Дух творческого соревнования, сказали бы мы — опять же о нынешней пьесе.
Естественно, чтоб показать возможности этого духа, надобно показать тело, в котором он обитает, определить поле его творческой деятельности, начать с самых основ производства. Это поручено в пьесе Михайле Васильевичу Кречинскому, который сам, как мы знаем, на сцене не появится, но из-за нее донесет до нас свое тонкое и основательное понимание этих основ.
«Милостивый государь Петр Константинович!.. — будет читать его письмо к Муромскому кстати появившийся Нелькин; читать, сказано у Сухово-Кобылина, «сначала равнодушным голосом», потому что ему крепко не хочется, хоть и заглазно, иметь дело с ненавистным соперником, «но потом живо и с ударением», ибо есть от чего оживиться. — Милостивый государь Петр Константинович! — Самая крайняя нужда заставляет меня писать к вам. Нужда эта не моя, а ваша — и потому я пишу. С вас хотят взять взятку — дайте; последствия вашего отказа могут быть жестоки. Вы хорошо не знаете ни этой взятки, ни как ее берут; так позвольте, я это вам поясню…»
Я… Замечали не раз, что Александр Васильевич для Михайлы Васильевича, который почти во всем ему не чета, тем не менее не пожалел некоторых своих черточек; но вот единственный случай, когда Кречинский уж точно делится с Муромским тем знанием, что горько далось и капитально усвоилось самим Сухово-Кобылиным.
«…Взятка взятке розь: есть сeльская, так сказать, пастушеская, аркадская взятка; берется она преимущественно произведениями природы и по стольку-то с рыла; — это еще не взятка. Бывает промышленная взятка; берется она с барыша, подряда, наследства, словом приобретения, основана она на аксиоме — возлюби ближнего твоего, как и самого себя; приобрел — так поделись. Ну — и это еще не взятка. Но бывает уголовная, или капканная, взятка; — она берется до истощения, догола! Производится она по началам и теории Стеньки Разина и Соловья Разбойника; совершается она под сению и тению дремучего леса законов, помощию и средством капканов, волчьих ям и удилищ правосудия, расставляемых по полю деятельности человеческой, и в эти-то ямы попадают без различия пола, возраста и звания, ума и неразумия, старый и малый, богатый и сирый… Такую капканную взятку хотят теперь взять с вас; в такую волчью яму судопроизводства загоняют теперь вашу дочь. Откупитесь! Ради бога, откупитесь!.. С вас хотят взять деньги — дайте! С вас их будут драть — давайте!.. Дело, возродившееся по рапорту квартального надзирателя о моем будто сопротивлении полицейской власти, о угрозе убить его на месте и о подлоге по закладу мною вашего солитера, принимает для вас громовой оборот».

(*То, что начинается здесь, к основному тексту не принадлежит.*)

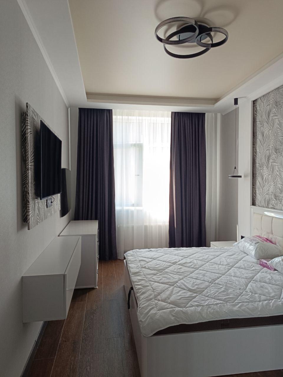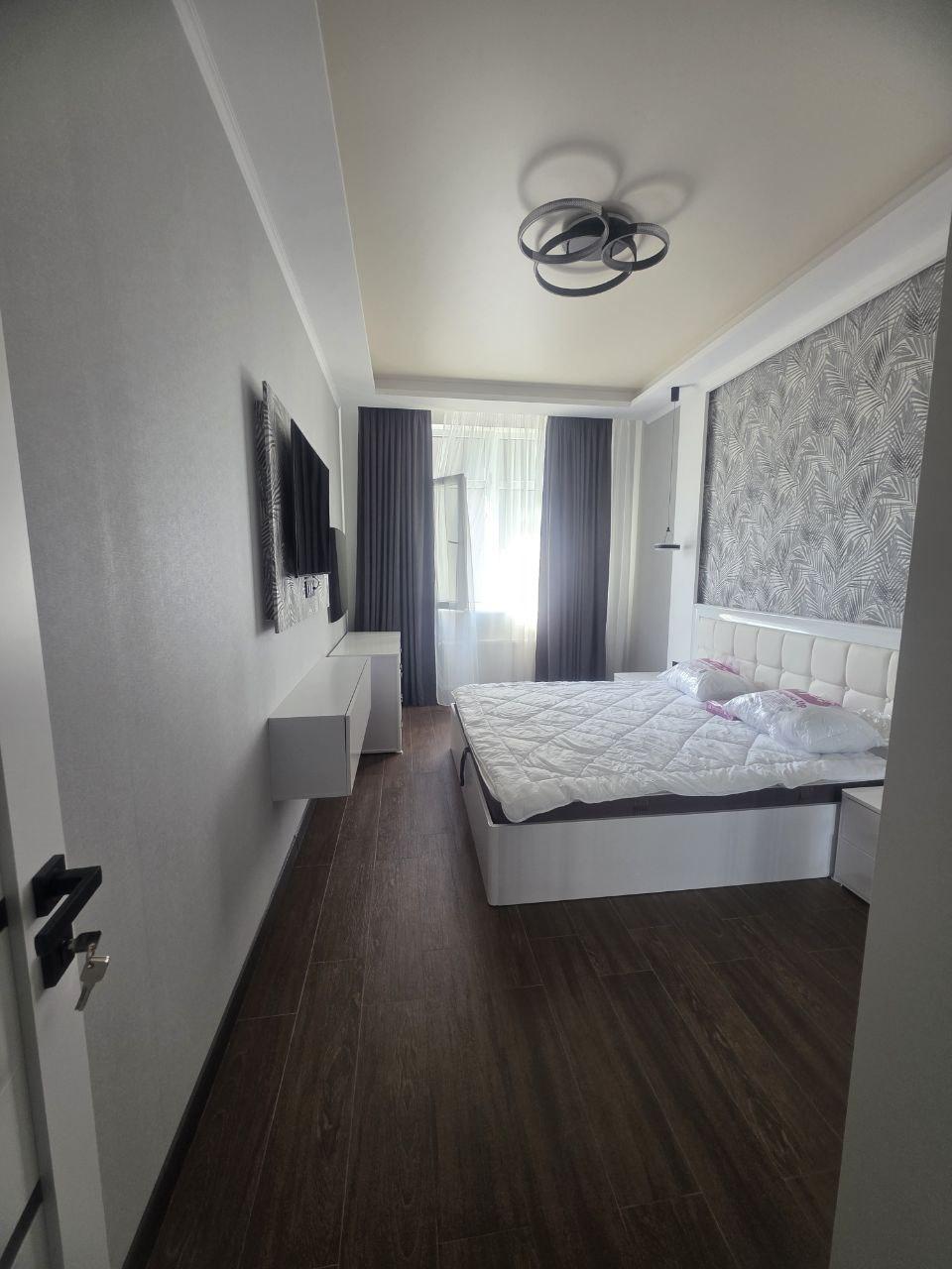 Квартира укомплектована мебелью, техникой и посудой.
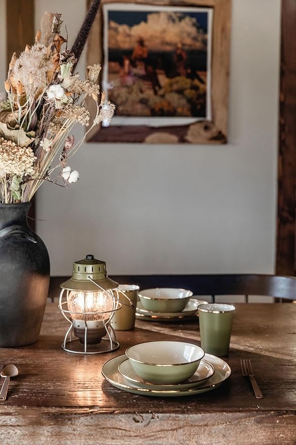 - Classic and Stylish: The new 2-tone enamelware features a smooth and speckled, enameled white interior that guards against food stains, paired with a textured matte olive drab exterior, providing superior grip and resilience. The signature bronze-like stainless steel rim adds a sophisticated touch

Классификация взяток произведена с таким блеском, что ее невозможно приписать даже уму и таланту Кречинского, сколько бы мы о них, об уме его и таланте, ни распинались. Кречинский не из стыдливых, но, допускаю, и он покраснел бы, произнося это лично, а не завещая из-за сцены, — здесь автор, только автор, не кто иной, как автор.
И нетрудно угадать, зная по «Свадьбе Кречинского» характер Муромского, что совет впрок не пойдет, что старик на капканную взятку не согласится ни из гордости, ни из бережливости. Во всяком случае — до поры.
Вера в закон, никак не желающая в нем умирать, приведет его в приемную Князя, как он именуется в пьесе, тайного советника, несомненно, министра, потому что, как я говорил, прототип проглядывается четко — граф Панин; и разговор между ними случится знаменательнейший:
«Муромский. Я желаю, я прошу у лица вашего защиты вашего сиятельства.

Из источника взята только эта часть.